We'll use the famous **Alpaca dataset** - a collection of instruction-following examples.


In [3]:
print("=" * 70)
print("Loading the Alpaca Dataset from Hugging Face")
print("=" * 70)
print()

# Load dataset
dataset = load_dataset("tatsu-lab/alpaca")

print("Dataset loaded! Let's explore it...")
print()


Loading the Alpaca Dataset from Hugging Face

Dataset loaded! Let's explore it...



## Step 2: Check Available Splits

Most datasets have train/validation/test splits. Let's see what we have:


In [4]:
print("Available splits:")
print(dataset)
print()
print(f"Number of examples: {len(dataset['train']):,}")
print()


Available splits:
DatasetDict({
    train: Dataset({
        features: ['instruction', 'input', 'output', 'text'],
        num_rows: 52002
    })
})

Number of examples: 52,002



## Step 3: Understand the Structure

What fields does each example have?


In [5]:
print("=" * 70)
print("Dataset Structure")
print("=" * 70)
print()

print("Fields in each example:")
print(dataset['train'].column_names)
print()


Dataset Structure

Fields in each example:
['instruction', 'input', 'output', 'text']



## Step 4: Look at Examples

Let's examine some actual examples to understand the data:


In [6]:
print("First example:")
print("-" * 70)
first = dataset['train'][0]
for key, value in first.items():
    print(f"{key}: {value}")
print()


First example:
----------------------------------------------------------------------
instruction: Give three tips for staying healthy.
input: 
output: 1.Eat a balanced diet and make sure to include plenty of fruits and vegetables. 
2. Exercise regularly to keep your body active and strong. 
3. Get enough sleep and maintain a consistent sleep schedule.
text: Below is an instruction that describes a task. Write a response that appropriately completes the request.

### Instruction:
Give three tips for staying healthy.

### Response:
1.Eat a balanced diet and make sure to include plenty of fruits and vegetables. 
2. Exercise regularly to keep your body active and strong. 
3. Get enough sleep and maintain a consistent sleep schedule.



In [7]:
print("-" * 70)
print("Random example:")
print("-" * 70)
random_ex = dataset['train'][random.randint(0, len(dataset['train']) - 1)]
for key, value in random_ex.items():
    print(f"{key}: {value}")
print()


----------------------------------------------------------------------
Random example:
----------------------------------------------------------------------
instruction: Update the following sentence with the right punctuation
input: What are you doing
output: What are you doing?
text: Below is an instruction that describes a task, paired with an input that provides further context. Write a response that appropriately completes the request.

### Instruction:
Update the following sentence with the right punctuation

### Input:
What are you doing

### Response:
What are you doing?



## Step 5: Quick Statistics

Let's gather some useful statistics about the dataset:


In [8]:
print("=" * 70)
print("Quick Statistics")
print("=" * 70)
print()

# Check output lengths
output_lengths = [len(ex['output']) for ex in dataset['train']]
print(f"Output length - Min: {min(output_lengths)}, Max: {max(output_lengths)}, Avg: {sum(output_lengths)/len(output_lengths):.0f} chars")

# Check for empty inputs
empty_inputs = sum(1 for ex in dataset['train'] if not ex['input'].strip())
print(f"Examples with empty input field: {empty_inputs:,} ({100*empty_inputs/len(dataset['train']):.1f}%)")
print()


Quick Statistics

Output length - Min: 0, Max: 4181, Avg: 270 chars
Examples with empty input field: 31,323 (60.2%)

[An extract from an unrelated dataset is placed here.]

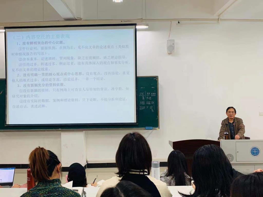 (通讯员:彭鑫媛 摄影:沈甜)2019年11月8日晚上19时,武汉大学哲学公司范明华教授莅临公司,在艺媒楼1104阶梯教室为公司员工带来题为“文科学位论文写作中的若干问题”的专题讲座。

## Step 6: Create Train/Validation Split

The Alpaca dataset only has a train split. Let's create a validation set:


In [9]:
print("=" * 70)
print("Creating Train/Validation Split")
print("=" * 70)
print()

split_dataset = dataset['train'].train_test_split(test_size=0.1, seed=42)

print(f"Training examples: {len(split_dataset['train']):,}")
print(f"Validation examples: {len(split_dataset['test']):,}")
print()


Creating Train/Validation Split

Training examples: 46,801
Validation examples: 5,201



---

## Key Takeaways

1. **Loading is easy**: Use `load_dataset("dataset-name")` from Hugging Face
2. **Inspect the structure**: Check column names and splits before training
3. **Sample examples**: Always look at actual examples to understand the data format
4. **Statistics matter**: Check for empty fields, length distributions, etc.
5. **Create validation sets**: If the dataset doesn't have one, split it yourself

**Next Steps**: 
- Format these examples for instruction tuning
- Tokenize the data
- Create a DataLoader for training